[Input data]:
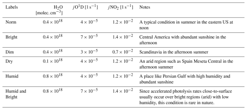 To estimate jNO2 and jO1D, we refer to a detailed look-up table provided by the Framework for 0-D Atmospheric Modeling (F0AM) model (Wolfe et al. 2016). This table is developed for clear-sky conditions based on over 20 064 solar spectra calculations. The data encompasses a broad spectrum of solar zenith angles (SZA) from 0 to 90° in 5° increments, altitudes ranging from 0 to 15 km in 1 km steps, overhead total ozone columns from 100 to 600 DU in increments of 50 DU, and surface UV albedo values from 0 to 1 in 0.2 increments. These calculations were carried out using NCAR's Tropospheric Ultraviolet and Visible radiation model (TUV v5.2), along with cross sections and quantum yields from IUPAC and JPL (Wolfe et al., 2016). Information on SZA and surface elevation is obtained from the L2 TROPOMI/OMI granule data. Surface albedo is based on the TROPOMI DLER climatology (Sect. 2.1.4). The overhead total ozone columns are derived from MINDS simulations (Sect. 2.3). For any values that fall between the entries in the tables, we apply a linear interpolation method.
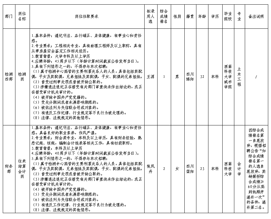 根據(jù)綿陽市建設工程質(zhì)量檢測中心有限責任公司發(fā)布的招聘公告及招聘相關規(guī)定,經(jīng)筆試、面試、背景調(diào)查、體檢等程序,擬錄用王源等同志到綿陽市建設工程質(zhì)量檢測中心有限責任公司工作,現(xiàn)予以公示,具體情況如下:
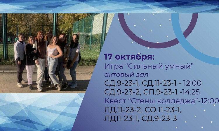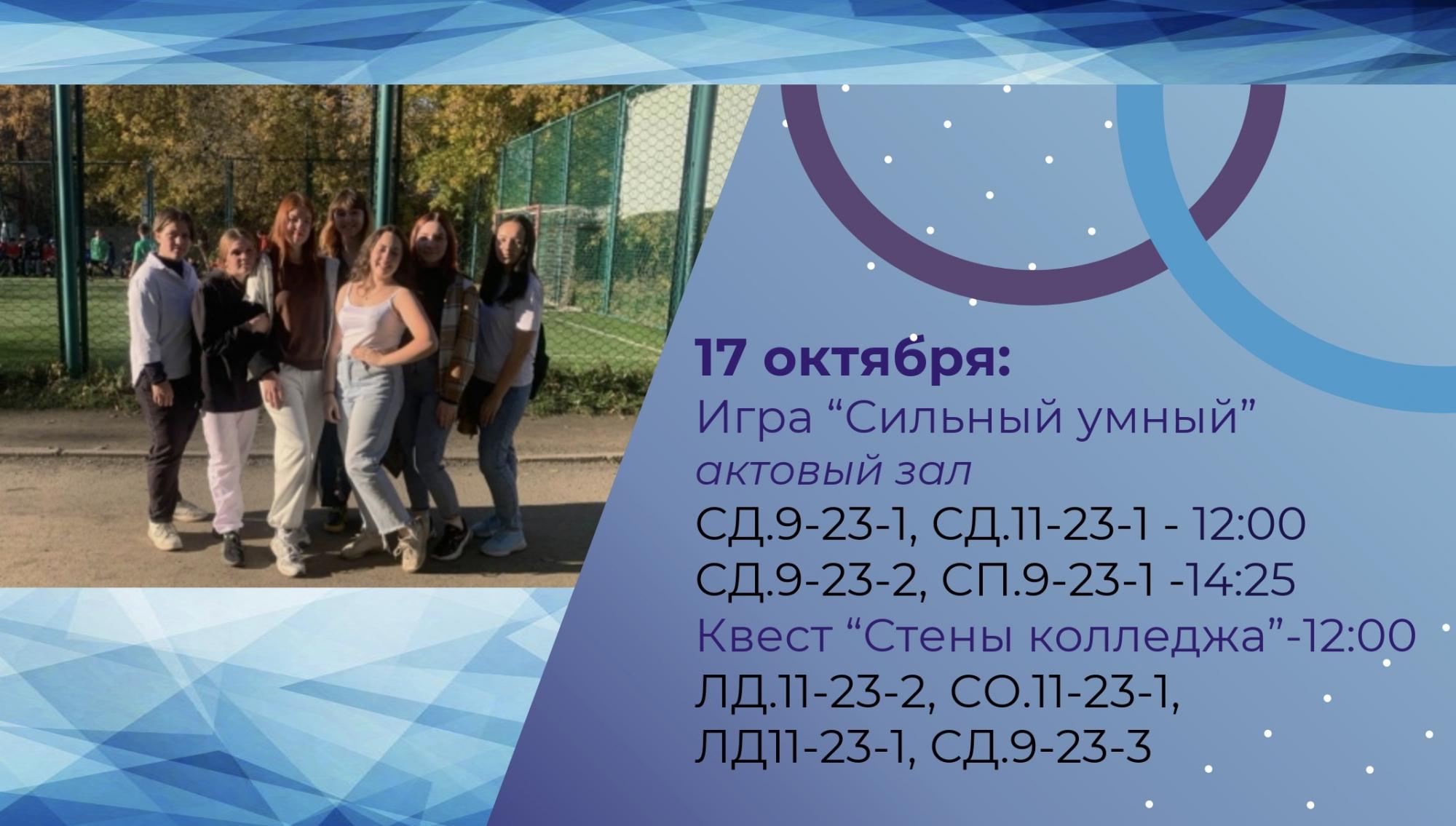 17 октября состоится второй день игры "сильный умный" и квест "стены колледжа" для студентов первого курса.

[The problem]:
The entire listing above, word for word and without pictures, is what should be output.

[Exercise response]:
 To estimate jNO2 and jO1D, we refer to a detailed look-up table provided by the Framework for 0-D Atmospheric Modeling (F0AM) model (Wolfe et al. 2016). This table is developed for clear-sky conditions based on over 20 064 solar spectra calculations. The data encompasses a broad spectrum of solar zenith angles (SZA) from 0 to 90° in 5° increments, altitudes ranging from 0 to 15 km in 1 km steps, overhead total ozone columns from 100 to 600 DU in increments of 50 DU, and surface UV albedo values from 0 to 1 in 0.2 increments. These calculations were carried out using NCAR's Tropospheric Ultraviolet and Visible radiation model (TUV v5.2), along with cross sections and quantum yields from IUPAC and JPL (Wolfe et al., 2016). Information on SZA and surface elevation is obtained from the L2 TROPOMI/OMI granule data. Surface albedo is based on the TROPOMI DLER climatology (Sect. 2.1.4). The overhead total ozone columns are derived from MINDS simulations (Sect. 2.3). For any values that fall between the entries in the tables, we apply a linear interpolation method.
 根據(jù)綿陽市建設工程質(zhì)量檢測中心有限責任公司發(fā)布的招聘公告及招聘相關規(guī)定,經(jīng)筆試、面試、背景調(diào)查、體檢等程序,擬錄用王源等同志到綿陽市建設工程質(zhì)量檢測中心有限責任公司工作,現(xiàn)予以公示,具體情況如下:
 17 октября состоится второй день игры "сильный умный" и квест "стены колледжа" для студентов первого курса.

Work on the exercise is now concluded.